Task prompt:
Would you return, word for word, the lines running from the one with "Bảng xếp hạng" to the final line of the listing below, pictures omitted?

Given data:

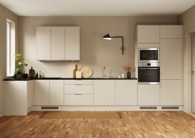Giv dit køkken et strejf af elegance med Epoq Core kabinetlågen. Denne højkvalitets-køkkenserie til en overkommelig pris holder dit køkken funktionelt i årtier. Den grå-beige farvekombination med varme undertoner giver en varm og afslappet atmosfære i ethvert køkken.
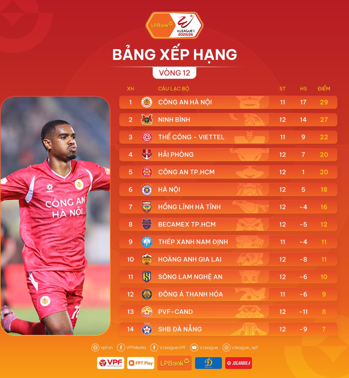 Bảng xếp hạng sau vòng 12 LPBank V.League 1-2025/26:
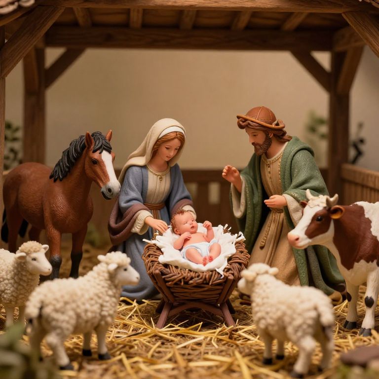 Colorful digital illustration of the Nativity scene with a smiling baby Jesus in a manger, surrounded by Mary, Joseph, shepherds, and

Result of the exercise:
 Bảng xếp hạng sau vòng 12 LPBank V.League 1-2025/26:
 Colorful digital illustration of the Nativity scene with a smiling baby Jesus in a manger, surrounded by Mary, Joseph, shepherds, and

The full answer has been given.